• [Exercise description]:
Would it be possible to write out each entry below exactly, without the pictures?

....

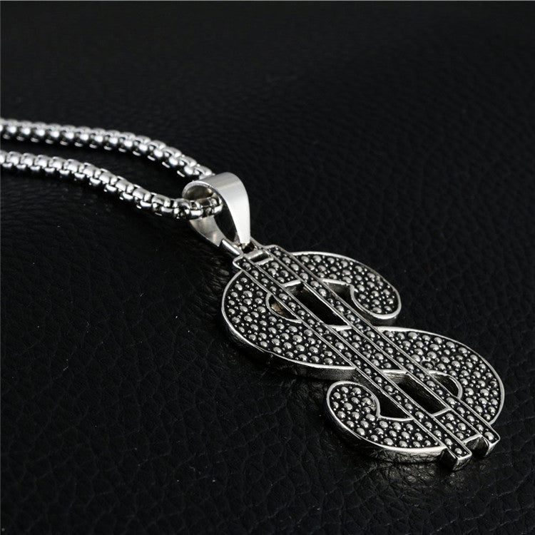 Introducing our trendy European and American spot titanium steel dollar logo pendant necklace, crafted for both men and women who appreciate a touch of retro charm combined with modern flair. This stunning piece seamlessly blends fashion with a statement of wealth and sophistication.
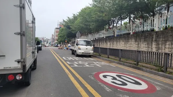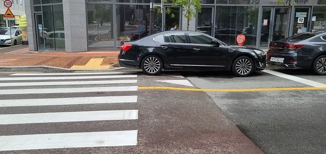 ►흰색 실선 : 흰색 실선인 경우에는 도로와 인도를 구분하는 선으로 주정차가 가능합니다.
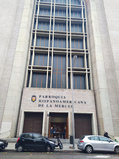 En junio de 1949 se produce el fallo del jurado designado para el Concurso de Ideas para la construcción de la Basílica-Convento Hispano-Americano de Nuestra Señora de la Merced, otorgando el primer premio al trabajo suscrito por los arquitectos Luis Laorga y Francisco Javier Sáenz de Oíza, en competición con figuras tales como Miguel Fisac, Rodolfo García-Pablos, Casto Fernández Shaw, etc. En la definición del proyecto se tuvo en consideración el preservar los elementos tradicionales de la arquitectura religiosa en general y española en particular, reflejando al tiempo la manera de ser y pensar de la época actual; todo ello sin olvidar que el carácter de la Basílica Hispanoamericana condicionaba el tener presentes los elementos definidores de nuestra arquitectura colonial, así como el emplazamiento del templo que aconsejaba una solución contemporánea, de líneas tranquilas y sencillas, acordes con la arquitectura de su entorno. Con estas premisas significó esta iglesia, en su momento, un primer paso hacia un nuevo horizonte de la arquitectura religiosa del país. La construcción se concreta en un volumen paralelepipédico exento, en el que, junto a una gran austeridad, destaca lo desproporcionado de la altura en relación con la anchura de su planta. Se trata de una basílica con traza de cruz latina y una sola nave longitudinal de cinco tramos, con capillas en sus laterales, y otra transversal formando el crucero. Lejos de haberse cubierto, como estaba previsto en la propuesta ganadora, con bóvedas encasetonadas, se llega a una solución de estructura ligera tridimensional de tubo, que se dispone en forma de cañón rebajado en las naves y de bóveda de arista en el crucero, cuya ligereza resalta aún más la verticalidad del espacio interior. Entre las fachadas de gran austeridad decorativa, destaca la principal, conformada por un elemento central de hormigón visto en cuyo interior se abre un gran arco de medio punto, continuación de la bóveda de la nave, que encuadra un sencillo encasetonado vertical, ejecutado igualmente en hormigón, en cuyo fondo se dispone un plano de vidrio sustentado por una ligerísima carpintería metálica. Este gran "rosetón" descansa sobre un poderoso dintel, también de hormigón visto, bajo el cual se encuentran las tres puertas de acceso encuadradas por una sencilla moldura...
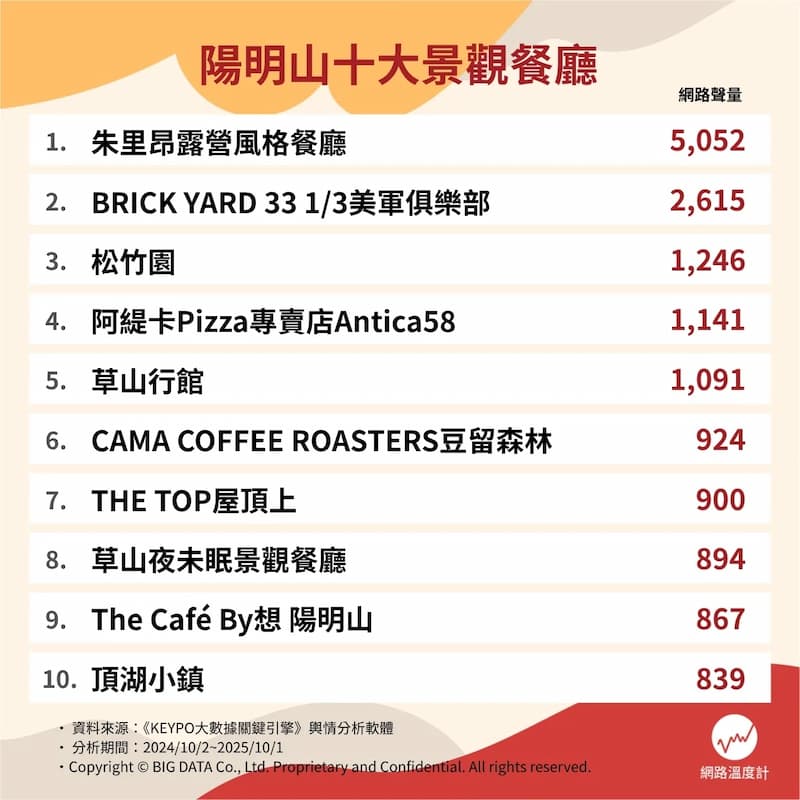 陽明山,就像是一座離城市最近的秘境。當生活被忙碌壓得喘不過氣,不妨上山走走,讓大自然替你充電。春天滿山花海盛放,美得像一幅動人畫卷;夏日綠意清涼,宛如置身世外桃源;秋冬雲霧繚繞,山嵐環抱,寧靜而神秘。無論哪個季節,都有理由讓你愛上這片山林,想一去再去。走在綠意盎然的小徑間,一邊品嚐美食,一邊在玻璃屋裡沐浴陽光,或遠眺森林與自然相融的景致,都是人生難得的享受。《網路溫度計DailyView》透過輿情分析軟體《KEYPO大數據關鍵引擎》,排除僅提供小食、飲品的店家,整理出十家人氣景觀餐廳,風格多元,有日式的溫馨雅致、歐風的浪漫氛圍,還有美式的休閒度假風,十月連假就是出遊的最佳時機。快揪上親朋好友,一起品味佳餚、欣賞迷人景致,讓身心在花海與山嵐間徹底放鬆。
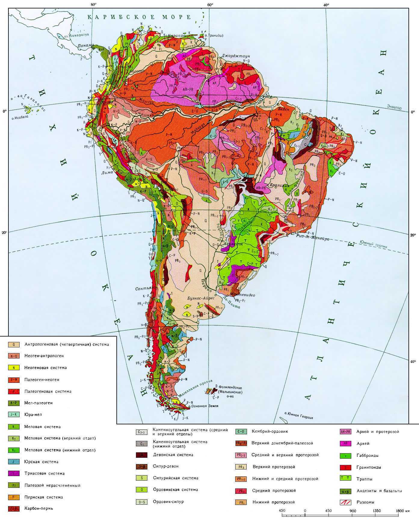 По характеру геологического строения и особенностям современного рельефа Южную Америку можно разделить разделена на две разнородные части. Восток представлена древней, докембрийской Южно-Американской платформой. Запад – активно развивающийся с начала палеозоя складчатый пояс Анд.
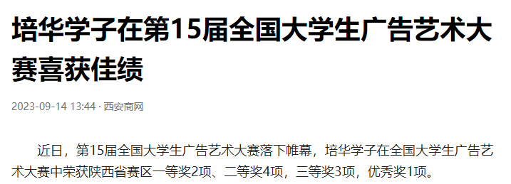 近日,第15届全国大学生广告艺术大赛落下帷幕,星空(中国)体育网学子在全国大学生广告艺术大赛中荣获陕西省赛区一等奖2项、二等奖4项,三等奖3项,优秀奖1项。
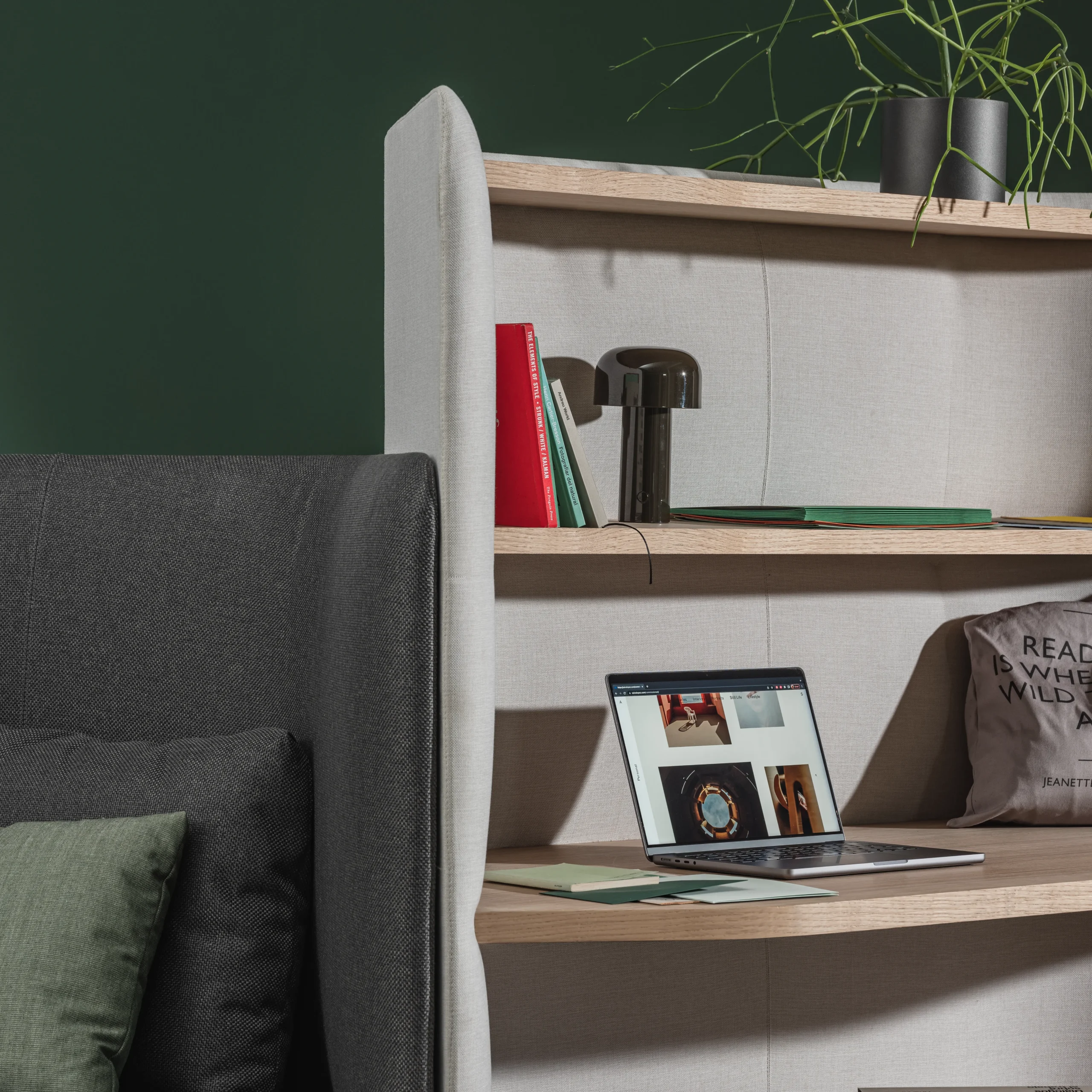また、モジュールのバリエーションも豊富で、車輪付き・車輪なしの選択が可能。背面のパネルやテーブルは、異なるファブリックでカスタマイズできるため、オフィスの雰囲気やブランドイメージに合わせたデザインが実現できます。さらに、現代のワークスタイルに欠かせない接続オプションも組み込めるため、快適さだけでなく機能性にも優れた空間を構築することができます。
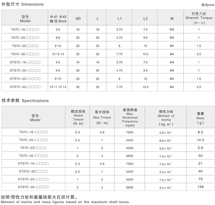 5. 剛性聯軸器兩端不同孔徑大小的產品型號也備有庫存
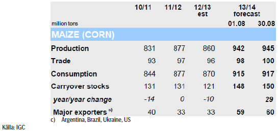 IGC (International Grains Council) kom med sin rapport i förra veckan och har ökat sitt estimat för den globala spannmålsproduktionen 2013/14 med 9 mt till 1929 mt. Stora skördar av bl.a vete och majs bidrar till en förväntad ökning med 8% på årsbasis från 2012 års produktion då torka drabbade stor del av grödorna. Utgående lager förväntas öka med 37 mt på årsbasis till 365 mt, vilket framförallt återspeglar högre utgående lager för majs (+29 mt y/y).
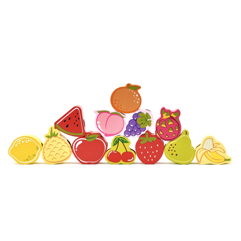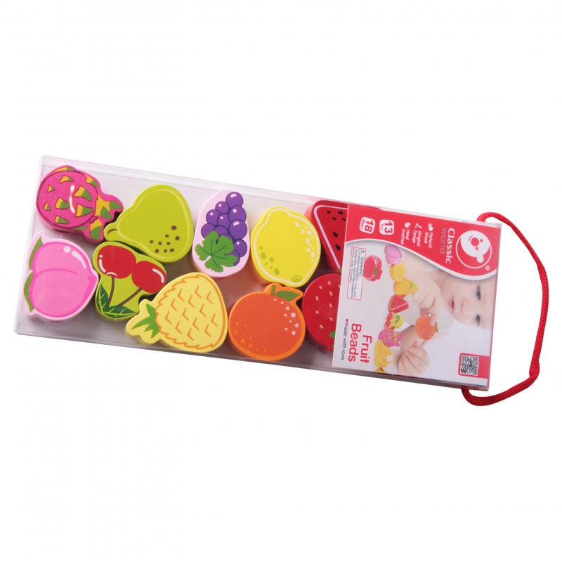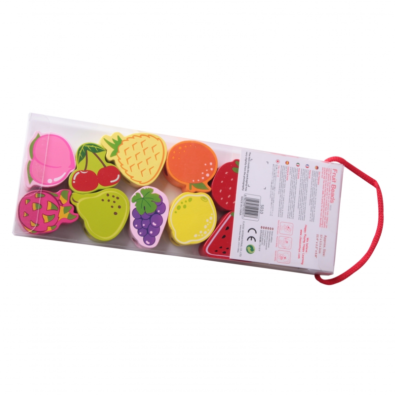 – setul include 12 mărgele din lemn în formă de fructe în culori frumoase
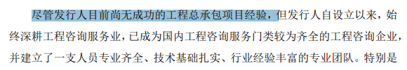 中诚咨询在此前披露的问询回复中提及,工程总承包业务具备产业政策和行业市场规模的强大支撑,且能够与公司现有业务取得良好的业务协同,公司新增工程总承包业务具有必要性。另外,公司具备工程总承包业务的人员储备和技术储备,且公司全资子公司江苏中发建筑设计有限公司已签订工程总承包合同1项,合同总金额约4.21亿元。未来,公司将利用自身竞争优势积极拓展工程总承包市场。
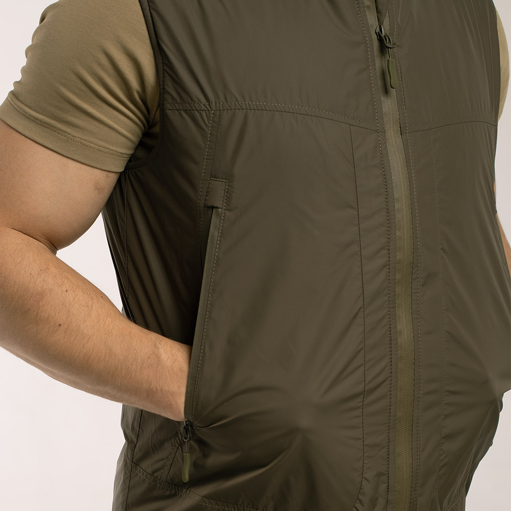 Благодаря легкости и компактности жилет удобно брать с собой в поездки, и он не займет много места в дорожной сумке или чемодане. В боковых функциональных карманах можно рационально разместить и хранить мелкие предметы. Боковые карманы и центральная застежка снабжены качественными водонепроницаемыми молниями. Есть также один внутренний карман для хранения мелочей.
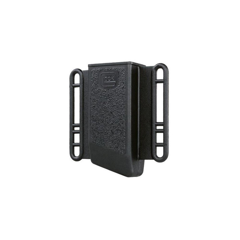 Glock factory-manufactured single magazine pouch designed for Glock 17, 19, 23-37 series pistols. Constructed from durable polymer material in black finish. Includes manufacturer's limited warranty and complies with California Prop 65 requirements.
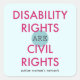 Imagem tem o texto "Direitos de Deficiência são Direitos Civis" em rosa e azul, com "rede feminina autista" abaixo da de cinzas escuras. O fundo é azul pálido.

....

• [Solution to the exercise]:
 Introducing our trendy European and American spot titanium steel dollar logo pendant necklace, crafted for both men and women who appreciate a touch of retro charm combined with modern flair. This stunning piece seamlessly blends fashion with a statement of wealth and sophistication.
 ►흰색 실선 : 흰색 실선인 경우에는 도로와 인도를 구분하는 선으로 주정차가 가능합니다.
 En junio de 1949 se produce el fallo del jurado designado para el Concurso de Ideas para la construcción de la Basílica-Convento Hispano-Americano de Nuestra Señora de la Merced, otorgando el primer premio al trabajo suscrito por los arquitectos Luis Laorga y Francisco Javier Sáenz de Oíza, en competición con figuras tales como Miguel Fisac, Rodolfo García-Pablos, Casto Fernández Shaw, etc. En la definición del proyecto se tuvo en consideración el preservar los elementos tradicionales de la arquitectura religiosa en general y española en particular, reflejando al tiempo la manera de ser y pensar de la época actual; todo ello sin olvidar que el carácter de la Basílica Hispanoamericana condicionaba el tener presentes los elementos definidores de nuestra arquitectura colonial, así como el emplazamiento del templo que aconsejaba una solución contemporánea, de líneas tranquilas y sencillas, acordes con la arquitectura de su entorno. Con estas premisas significó esta iglesia, en su momento, un primer paso hacia un nuevo horizonte de la arquitectura religiosa del país. La construcción se concreta en un volumen paralelepipédico exento, en el que, junto a una gran austeridad, destaca lo desproporcionado de la altura en relación con la anchura de su planta. Se trata de una basílica con traza de cruz latina y una sola nave longitudinal de cinco tramos, con capillas en sus laterales, y otra transversal formando el crucero. Lejos de haberse cubierto, como estaba previsto en la propuesta ganadora, con bóvedas encasetonadas, se llega a una solución de estructura ligera tridimensional de tubo, que se dispone en forma de cañón rebajado en las naves y de bóveda de arista en el crucero, cuya ligereza resalta aún más la verticalidad del espacio interior. Entre las fachadas de gran austeridad decorativa, destaca la principal, conformada por un elemento central de hormigón visto en cuyo interior se abre un gran arco de medio punto, continuación de la bóveda de la nave, que encuadra un sencillo encasetonado vertical, ejecutado igualmente en hormigón, en cuyo fondo se dispone un plano de vidrio sustentado por una ligerísima carpintería metálica. Este gran "rosetón" descansa sobre un poderoso dintel, también de hormigón visto, bajo el cual se encuentran las tres puertas de acceso encuadradas por una sencilla moldura...
 陽明山,就像是一座離城市最近的秘境。當生活被忙碌壓得喘不過氣,不妨上山走走,讓大自然替你充電。春天滿山花海盛放,美得像一幅動人畫卷;夏日綠意清涼,宛如置身世外桃源;秋冬雲霧繚繞,山嵐環抱,寧靜而神秘。無論哪個季節,都有理由讓你愛上這片山林,想一去再去。走在綠意盎然的小徑間,一邊品嚐美食,一邊在玻璃屋裡沐浴陽光,或遠眺森林與自然相融的景致,都是人生難得的享受。《網路溫度計DailyView》透過輿情分析軟體《KEYPO大數據關鍵引擎》,排除僅提供小食、飲品的店家,整理出十家人氣景觀餐廳,風格多元,有日式的溫馨雅致、歐風的浪漫氛圍,還有美式的休閒度假風,十月連假就是出遊的最佳時機。快揪上親朋好友,一起品味佳餚、欣賞迷人景致,讓身心在花海與山嵐間徹底放鬆。
 По характеру геологического строения и особенностям современного рельефа Южную Америку можно разделить разделена на две разнородные части. Восток представлена древней, докембрийской Южно-Американской платформой. Запад – активно развивающийся с начала палеозоя складчатый пояс Анд.
 近日,第15届全国大学生广告艺术大赛落下帷幕,星空(中国)体育网学子在全国大学生广告艺术大赛中荣获陕西省赛区一等奖2项、二等奖4项,三等奖3项,优秀奖1项。
また、モジュールのバリエーションも豊富で、車輪付き・車輪なしの選択が可能。背面のパネルやテーブルは、異なるファブリックでカスタマイズできるため、オフィスの雰囲気やブランドイメージに合わせたデザインが実現できます。さらに、現代のワークスタイルに欠かせない接続オプションも組み込めるため、快適さだけでなく機能性にも優れた空間を構築することができます。
 5. 剛性聯軸器兩端不同孔徑大小的產品型號也備有庫存
 IGC (International Grains Council) kom med sin rapport i förra veckan och har ökat sitt estimat för den globala spannmålsproduktionen 2013/14 med 9 mt till 1929 mt. Stora skördar av bl.a vete och majs bidrar till en förväntad ökning med 8% på årsbasis från 2012 års produktion då torka drabbade stor del av grödorna. Utgående lager förväntas öka med 37 mt på årsbasis till 365 mt, vilket framförallt återspeglar högre utgående lager för majs (+29 mt y/y).
 – setul include 12 mărgele din lemn în formă de fructe în culori frumoase
 中诚咨询在此前披露的问询回复中提及,工程总承包业务具备产业政策和行业市场规模的强大支撑,且能够与公司现有业务取得良好的业务协同,公司新增工程总承包业务具有必要性。另外,公司具备工程总承包业务的人员储备和技术储备,且公司全资子公司江苏中发建筑设计有限公司已签订工程总承包合同1项,合同总金额约4.21亿元。未来,公司将利用自身竞争优势积极拓展工程总承包市场。
 Благодаря легкости и компактности жилет удобно брать с собой в поездки, и он не займет много места в дорожной сумке или чемодане. В боковых функциональных карманах можно рационально разместить и хранить мелкие предметы. Боковые карманы и центральная застежка снабжены качественными водонепроницаемыми молниями. Есть также один внутренний карман для хранения мелочей.
 Glock factory-manufactured single magazine pouch designed for Glock 17, 19, 23-37 series pistols. Constructed from durable polymer material in black finish. Includes manufacturer's limited warranty and complies with California Prop 65 requirements.
 Imagem tem o texto "Direitos de Deficiência são Direitos Civis" em rosa e azul, com "rede feminina autista" abaixo da de cinzas escuras. O fundo é azul pálido.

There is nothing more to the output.